Iraqi Chaldean Catholic bishop (born 1972)

Saad Hanna Sirop (born 6 September 1972) is an Iraqi hierarch of the Chaldean Catholic Church who has served as titular bishop of Hirta and auxiliary bishop of the Patriarchate of Babylon of the Chaldeans. He was appointed apostolic visitor for Chaldean faithful residing in Europe in 2016 and later served as apostolic administrator of the Chaldean Catholic Eparchy of Saint Peter the Apostle of San Diego since 2026.

==Early life and education==
Sirop was born in Baghdad, Iraq, on 6 September 1972. He first studied aeronautical engineering before entering the Chaldean seminary in Baghdad. He later pursued studies in theology and philosophy at the Pontifical Urban University in Rome, and later obtaining a doctorate in philosophy from the Pontifical Gregorian University.

==Priesthood==
Sirop was ordained a priest on 13 October 2001. During his priestly ministry he served in pastoral and academic roles, including work at the Babel College for Philosophy and Theology in Baghdad.

In 2006 he was kidnapped during a Mass by militants associated with Al-Qaeda. He was held for 28 days and reportedly tortured before being released.

==Episcopacy==
On 11 January 2014 the Synod of Bishops of the Chaldean Catholic Church elected Sirop as auxiliary bishop of the Patriarchate of Babylon of the Chaldeans. Pope Francis granted his assent to the election and appointed him titular bishop of Hirta. He was consecrated bishop on 24 January 2014 by Louis Raphaël I Sako, the Chaldean Patriarch of Babylon.

On 19 November 2016 he was appointed apostolic visitor for Chaldean faithful residing in Europe. His resignation from this office was accepted on 1 July 2025.

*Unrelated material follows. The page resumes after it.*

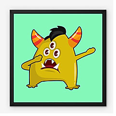Mojo the Mohawk Monster Black Framed Canvas by Dancing Littles Jungle - Size 16x24 Inch
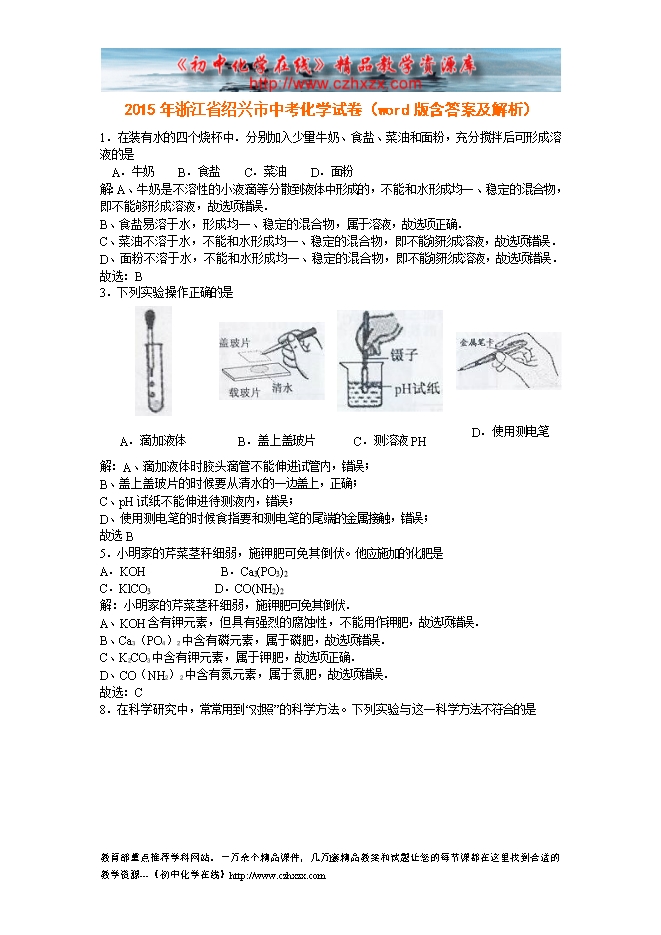 2015年浙江省绍兴市中考化学试卷(word版含答案及解析)

On 10 March 2026 he was appointed apostolic administrator of the Chaldean Catholic Eparchy of Saint Peter the Apostle of San Diego.

==Public statements==
Sirop has publicly spoken about the political and social difficulties faced by Christians in Iraq, including corruption and instability affecting the country and its Christian communities.